◆ Prompt
Set down the data again word for word. Skip any pictures.

◆ Data shown
————
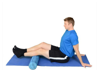
Roll calf up and down roll
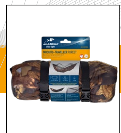
Hammock can be used on both sides - with or without the net
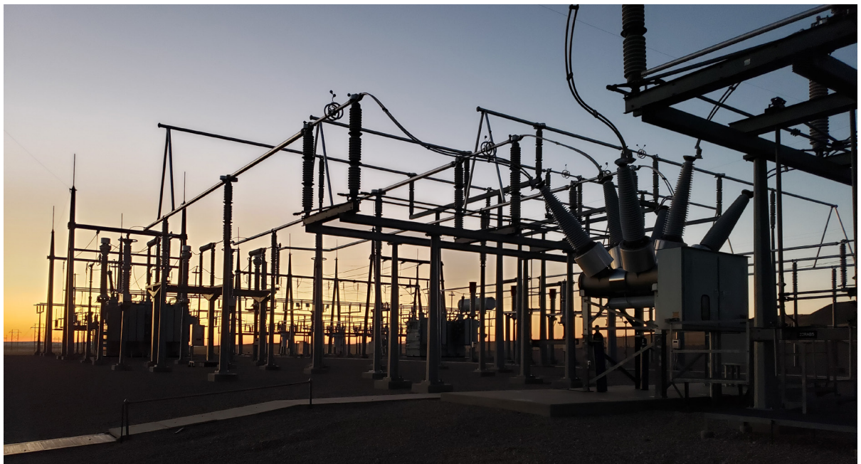
Substation at sunrise.

Tuesday, September 20, 2022, in Sheridan.
————
◆ Solution below
Roll calf up and down roll
Hammock can be used on both sides - with or without the net
Substation at sunrise.

Tuesday, September 20, 2022, in Sheridan.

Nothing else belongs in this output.